Literature DB >> 10346425

The cost of treating dyslipidaemia using National Cholesterol Education Program (NCEP) guidelines.

J M McKenney1.   

Abstract

Coronary heart disease (CHD) is a major cause of death in industrialised countries and places a large burden on society in terms of healthcare resources and lost productivity. US National Cholesterol Education Program (NCEP) guidelines recommend aggressive lipid-modifying therapy for individuals at highest risk for CHD. It has been estimated that more than 50 million individuals in the US (more than one-third of the total population) are candidates for some form of dietary and/or pharmacological intervention to modify their lipid profiles.

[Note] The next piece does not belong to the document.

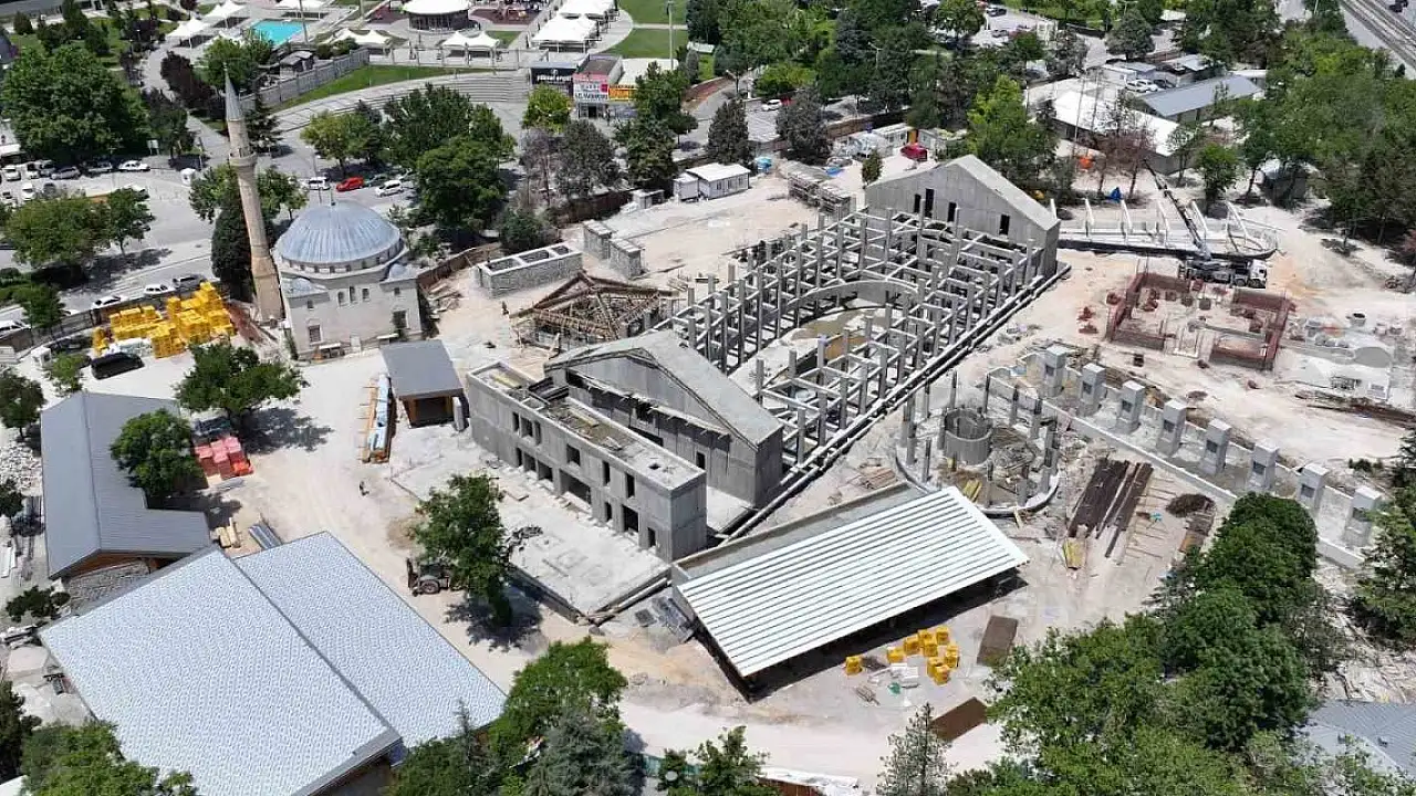 Konya Büyükşehir Belediyesi tarafından eski belediye binasının yerinde inşaatı sürdürülen Türkiye'nin ilk Sıfır Karbon binası olacak Şehir Kütüphanesi hızla yükseliyor.

Most individuals who receive lipid-lowering drug therapy do not meet target goals set by the NCEP; thus, there is a large potential for increased use of drug therapy. Pharmacoeconomic analyses applying NCEP guidelines are sparse; however, available data (using direct costs) suggest that secondary prevention is more cost effective than primary prevention, but that costs associated with primary prevention are generally in line with those of accepted medical interventions. Cost-effectiveness ratios for secondary prevention improved when indirect costs were assessed in one study. A recent randomised prospective 54-week comparative study of statins in 662 patients with hypercholesterolaemia concurrently measured medical outcomes and economic data. Atorvastatin-treated patients were significantly more likely to achieve NCEP goals (overall and at the initial dosage), and to achieve these goals more quickly than patients treated with fluvastatin, lovastatin and simvastatin. The mean cost to reach NCEP goals was consequently lowest for atorvastatin. Results from pharmacoeconomic studies of primary and secondary prevention are therefore in support of NCEP treatment guidelines for hypercholesterolaemia.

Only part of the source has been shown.